The applicable statute for customs stated that goods that are only temporarily exported are not subject to customs duty in case the requirements for the passive reservation proceedings are met. [...]

Company R and [Seller] were obliged to perform the refinement for four years according to Art 2 of the refinement contract. [Seller] had been included in the contract due to Yugoslavian law as Company R did not hold an export license. [Seller] was hence liable to perform under Art. 2 of the refinement contract. This is in conformity with Art. 3 which states that [Seller] was responsible for the complete foreign trade activity. [Seller] is hence at least obliged to deliver the refined products. It has failed to prove an impediment beyond its control causing its failure to perform its obligation. Hence, [Seller] can be held liable for damages.

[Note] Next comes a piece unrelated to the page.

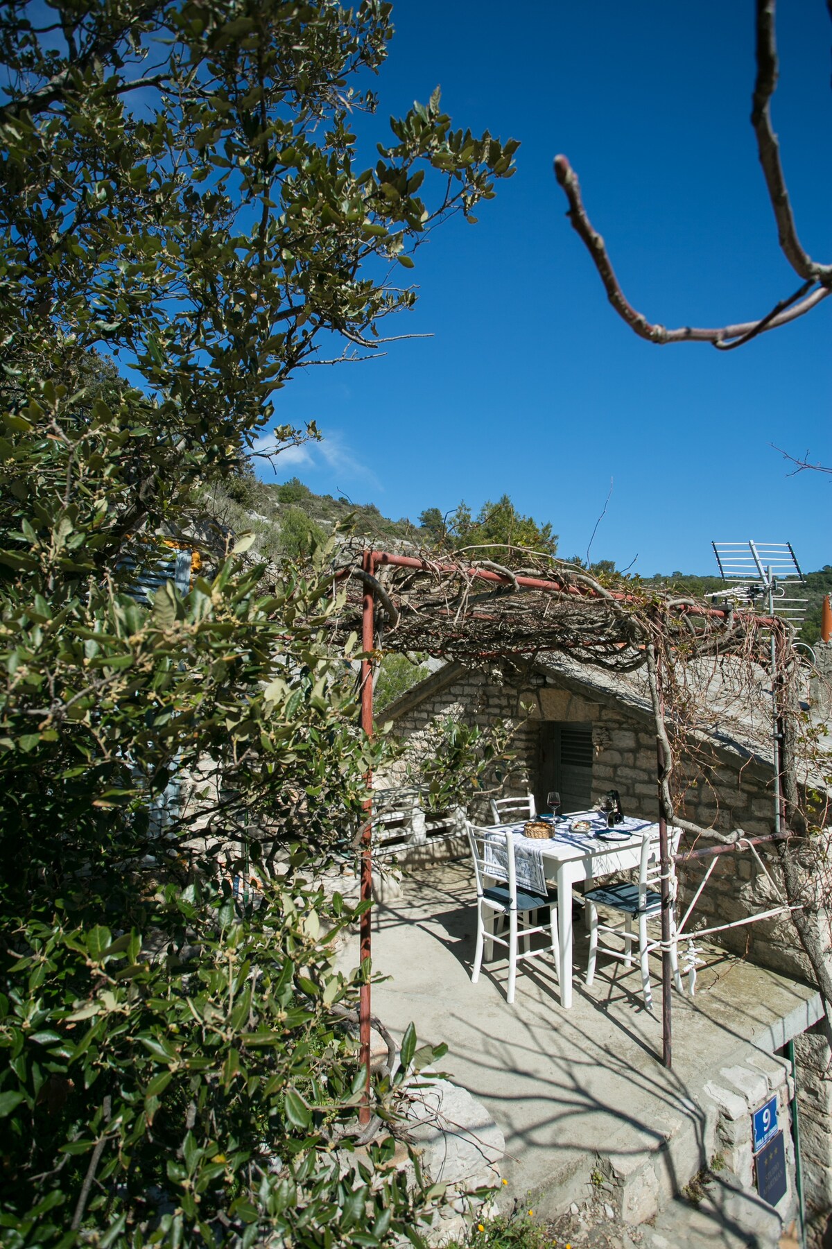 Villa Domenika es una casa antigua pero renovada que se encuentra en un pueblo tranquilo y montañoso con una vista asombrosa del mar abierto. Este remoto pueblo ofrece un ambiente tranquilo y silencioso. Está situado lejos de las multitudes y el tráfico, pero lo suficientemente cerca como para llegar fácilmente a mercados, restaurantes y playas. La playa más cercana está a 5 minutos. El restaurante está en la playa. El mercado más cercano está a 10 minutos en auto. Este pueblo se encuentra entre dos ciudades, Hvar y Stari, cada una a 5 km.
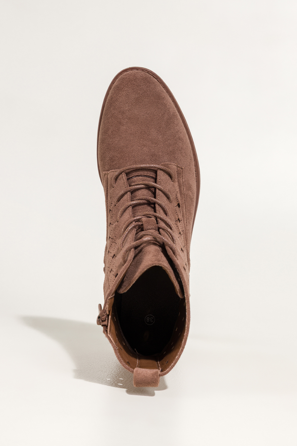 Brązowe botki damskie płaskie na cholewce ozdobny zamek sznurowane Casu 7080-6

These damages can be set-off against the [Seller]'s claim for the purchase price.

A novation as alleged by [Seller] is not present. A novation consists of a change of a contractual obligation without a change of the contractual partners.

There is no proof fof a cession of the contract. The additional allegations of the [Seller] have not been substantiated as well. A separate judgment is not necessary and according to Art 391 (3) ZPO at the court's discretion.

As the value of the raw material has not been assessed yet, the appeal has to be dismissed.

The decision on costs is based on 52 ZPO [*].


* All translations should be verified by cross-checking against the original text. For purposes of this translation, Plaintiff of Yugoslavia is referred to as [Seller] and Defendant of Austria is referred to as [Buyer]. Amounts in the former currency of Austria (Austrian schillings) are indicated as [AUS].

Translator's note on other abbreviations: AußHG 1984 = Außenhandelsgesetz von 1984 [Austrian Code on External Trade of 1984]; BGBl = Bundesgesetzblatt [Austrian Federal Law Gazette]; IPRG = Bundesgesetz über das Internationale Privatrecht [Austrian Federal Code on the Conflict of Laws]; ZPO = Zivilprozessordnung [Austrian Code of Civil Procedure].

** Jan Henning Berg is a law student at the University of Osnabrück, Germany and participated in the 13th Willem C. Vis Moot with the team of the University of Osnabrück.

*** Daniel Nagel has been a law student at Heidelberg University since October 2002 and an exchange student at Leeds University in 2004/2005.